The ultimate joke: in order to belong to everything I must become nothing, and if I belong to everything, how can I ever be nothing?

In the days since that morning I can rest in this awareness walking down an alley, feeling no boundaries between my ”self” and the asphalt, or in a coffee shop with the mugs or the woman in her christmas sweater. It seems auspicious to me that only a little over a year ago, I was noticing that there was no significant separation between my spirit and the spirits of Grace and Gregg and Andy (October 23, 2013) or the folks in a coffee shop (October 30, 2013)—just as that morning I became aware, perhaps even more seamlessly, that no significant separation exists between the spirit of tree, cloud, sky, asphalt and mine.

The feeling is deep peace and also: no big deal, well of course.

With that peace comes an awareness that underlying all the separations that we perceive when we see only through the lens of conventional reality, there is a shadow of alienation, hostility. Not surprisingly: separation states, No, you can’t come in. Until separation dropped away, I was completely unaware that there was that trace of hostility in my relationship to the rug, the stir-fry pan, the purple scarf. A great tenderness has ensued.

Even if this is only a ‘stage’, it is entirely clear that this is the state I belong in.

Of course I’ve been invited again and again through my lifetime to relax into this belonging, this reality. I’ve valued Buber for half a century, and when someone asked him if one could experience “I-Thou” with a tree, he answered yes. I’ve read about the Japanese artist who taught his students that if you wish to paint a tree, you should sit and look at it without picking up your brush until you “become” the tree. I’ve had a sense that this was possible. With or without LSD and whether we identified them or not, we have all had these experiences of interbeing with the non-human world, and I have as well, probably more often than even I was aware.
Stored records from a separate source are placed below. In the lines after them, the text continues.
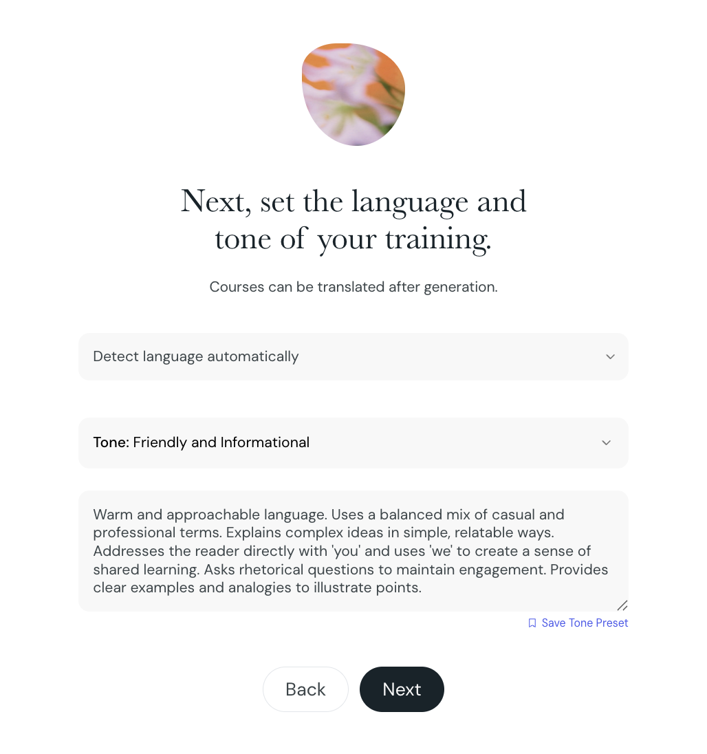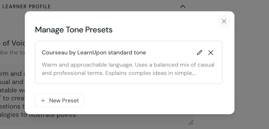 A tone of voice preset is a saved description that tells Courseau how to write your course content. Courseau passes the preset to the AI that generates lessons, so the output matches the style you want.
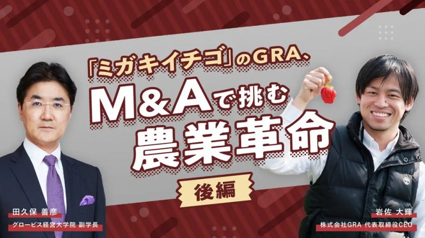 2011年東日本大震災を機に起業した、アグリテックスタートアップの株式会社GRA。1粒1,000円のブランドイチゴ「ミガキイチゴ」を軸に成長してきた同社が発表した、農薬大手の上場企業とのM&A合意のプレスリリースにまつわる話を聞く。聞き手はグロービス経営大学院 副学長の 田久保善彦。(進行=知見録、文=中山景)(全2回、後編)
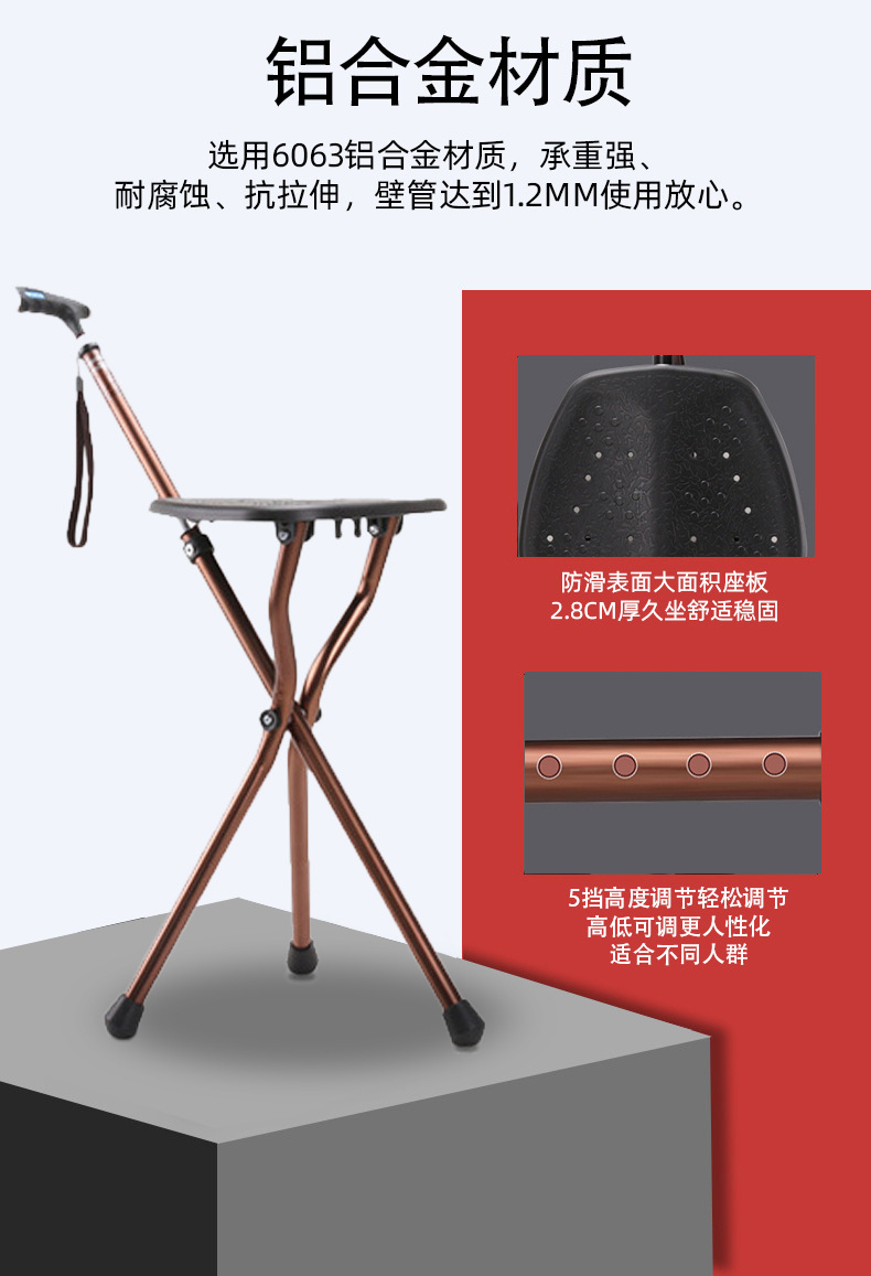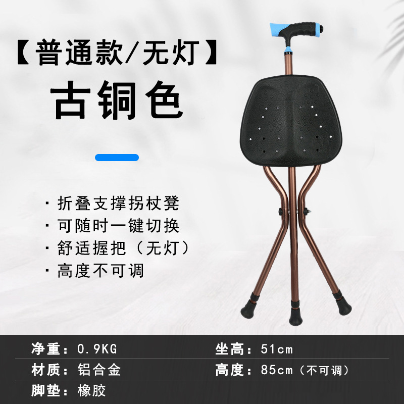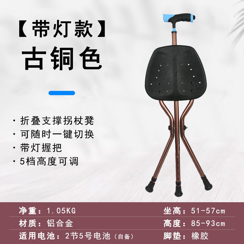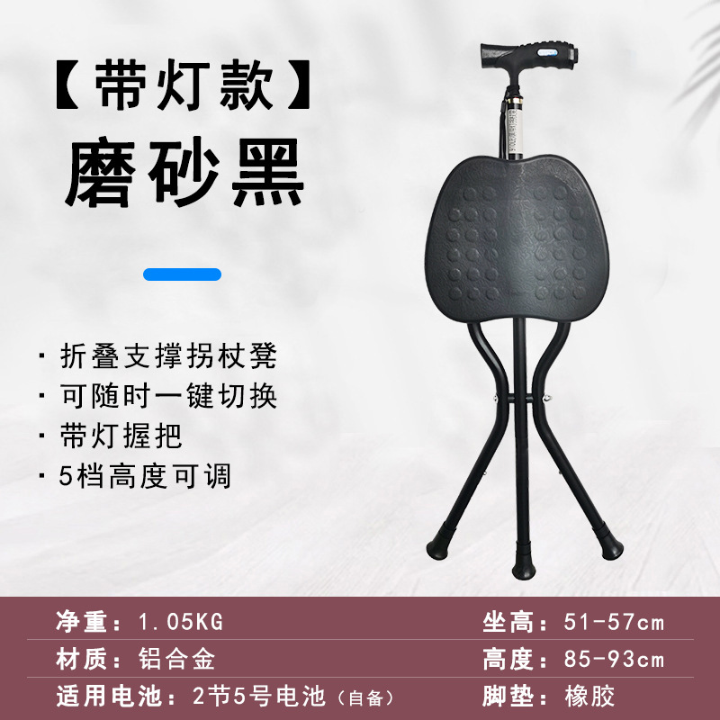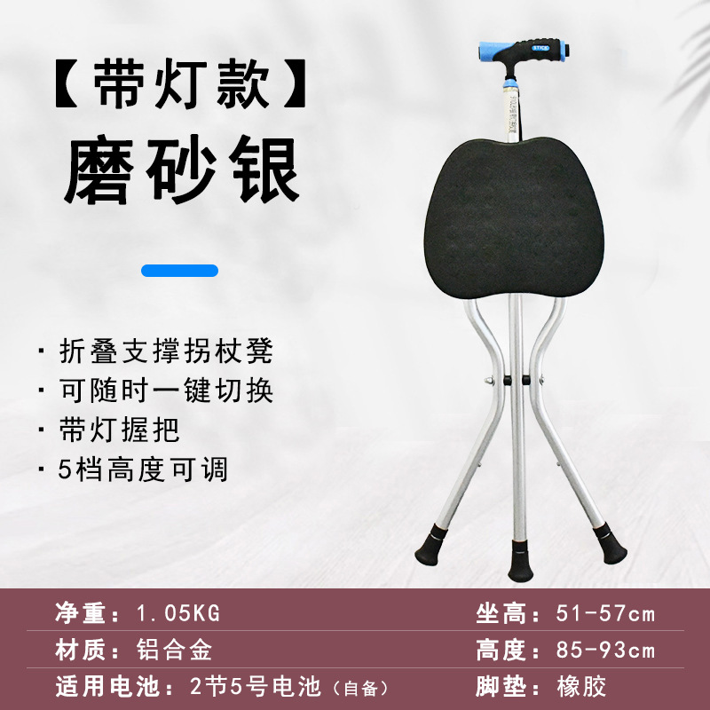 轻量化便携式拐杖折叠椅带灯老人散步辅助行走防滑三脚拐棍凳可坐

Still, it’s clear to me now: “Interbeing”—Thich Nhat Hanh’s skillful choice of a word for that undifferentiated mingling, rather than “interconnection” (the joining of two separate entities)—has been for me a question of discrete events rather than a relaxed and unremarkable confidence that this is my relationship to everything that is.

This shift of perception has awakened me to an even deeper appreciation of the yoga I practice almost daily, as I take in an aspect of that practice which I never fully realized and now has a profound and joyful meaning for me. Yoga which means “union” is often presented as the union of mind and body. I see now that the entire world of the asanas invites us to experience union not only as the union of our individual minds and bodies, but as our union with the entire animate and inanimate world—and it even asks us to dispense with those common distinctions. In a setting that is already powerfully conducive to experiences of non-self, we are invited to flow seamlessly and without differentiation into and through a dog, a lotus, a crow, a tree, a scorpion, a cobra, a warrior, a bridge, even a mountain.

Yoga intends us to know that in life as well as in the asanas, we participate boundlessly in the non-sentient as well as the sentient world.

Before we left the desert three years ago, during our last Chi Gong practice outside while the sun was brushing the mountains with her first light and lighting the ocotillos and the doves who were resting on the branches, Bettina chanted softly from some deep quiet place she often visits, “You are the desert. The desert is you.”

We are the desert with all of its inhabitants. We are the ocean. We are the noisy city. The desert, the ocean, the noisy city are us.